Question

A cone made of conducting material is given a charge $ Q $. $ \sigma_1, \sigma_2, \sigma_3 $ and $ \sigma_4 $ are charge densities at four points $ P, Q, R $ and $ S $. $ P $ is at the vertex of the cone and $ Q, R, S $ are at the periphery of the base. Choose the correct option.

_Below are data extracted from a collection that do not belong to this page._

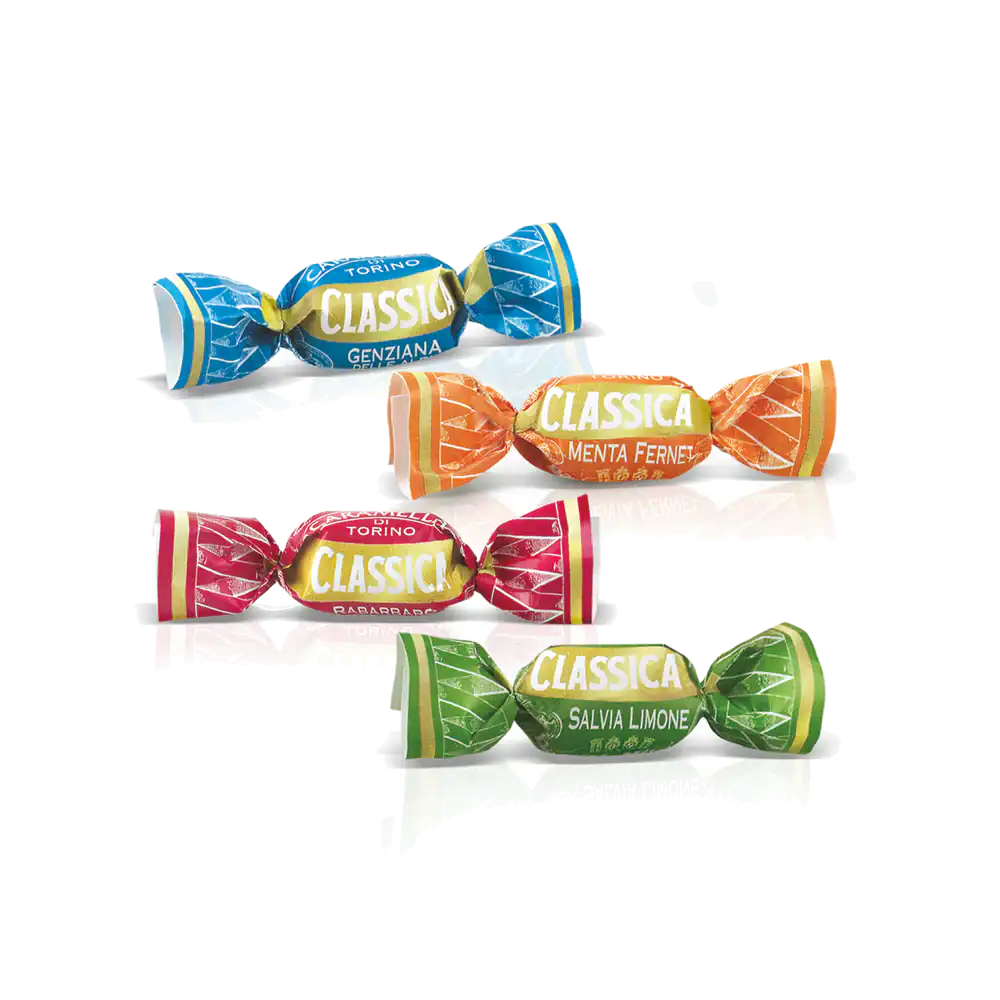 All’interno della confezione, un mix di Caramelle Classica al gusto Rabarbaro, Genziana delle Alpi, Salvia Limone e Menta Fernet.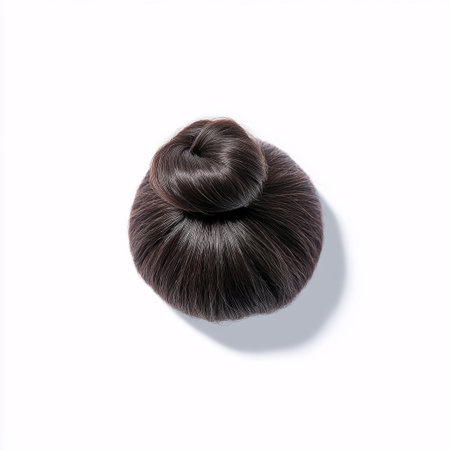 This stock photo showcases a sleek dark brown hair bun from a top perspective, highlighting its glossy texture and elegant form, ideal for beauty and hairstyling projects.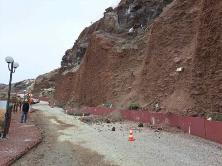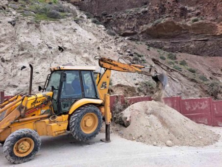 “Ο Δήμος Θήρας στα πλαίσια των έργων προστασίας της δημόσιας ασφάλειας προχωρά σε έργα για την μερική άρση της επικινδυνότητας στην οδό Οίας – Αμμουδίου.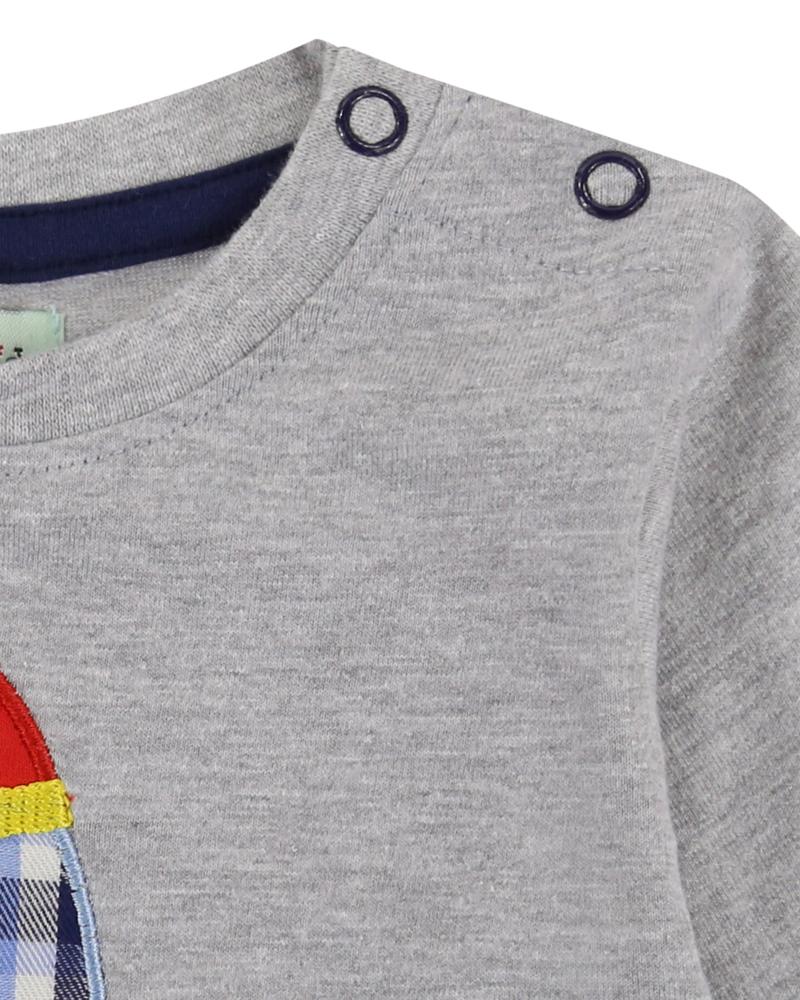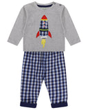 One of our best selling lines, this baby set is designed for versatile style this season. Soft grey jersey top with rocket applique and popper neck fastening. The co-ordinating trousers have navy jersey and knee patches to one side and woven check to reverse- 2 looks in one ! Designed for both playdates and parties , a lovely baby boys gift.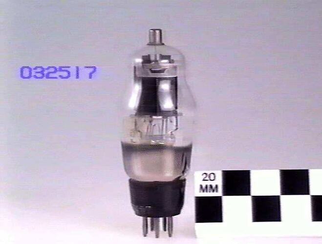 Large shouldered glass bulb with top cap and seven pin British style base.

• A. \( \sigma_1 > \sigma_2 > \sigma_3 > \sigma_4 \)
• B. \( \sigma_1 > \sigma_2 = \sigma_3 = \sigma_4 \)
• C. \( \sigma_1 < \sigma_2 = \sigma_3 < \sigma_4 \)
• D. \( \sigma_1 = \sigma_2 > \sigma_3 > \sigma_4 \)

Hint:

In conducting materials, charge density is inversely related to the surface area. The sharpest regions (like the vertex of a cone) have the highest charge density.

Answer 1

The Correct Option is B

In conducting materials, charge density is highest at points with the sharpest curvature (vertex of the cone) and decreases as the surface area increases (towards the base).
At the vertex \( P \), the charge density \( \sigma_1 \) is the highest.
The charge densities at points \( Q, R, S \), which are symmetrically located at the periphery of the base, are equal because the surface area at these points is larger compared to the vertex. Thus, the relationship between the charge densities is: \[ \sigma_1 > \sigma_2 = \sigma_3 = \sigma_4 \]
Final Answer: The correct option is (2), \( \sigma_1 > \sigma_2 = \sigma_3 = \sigma_4 \).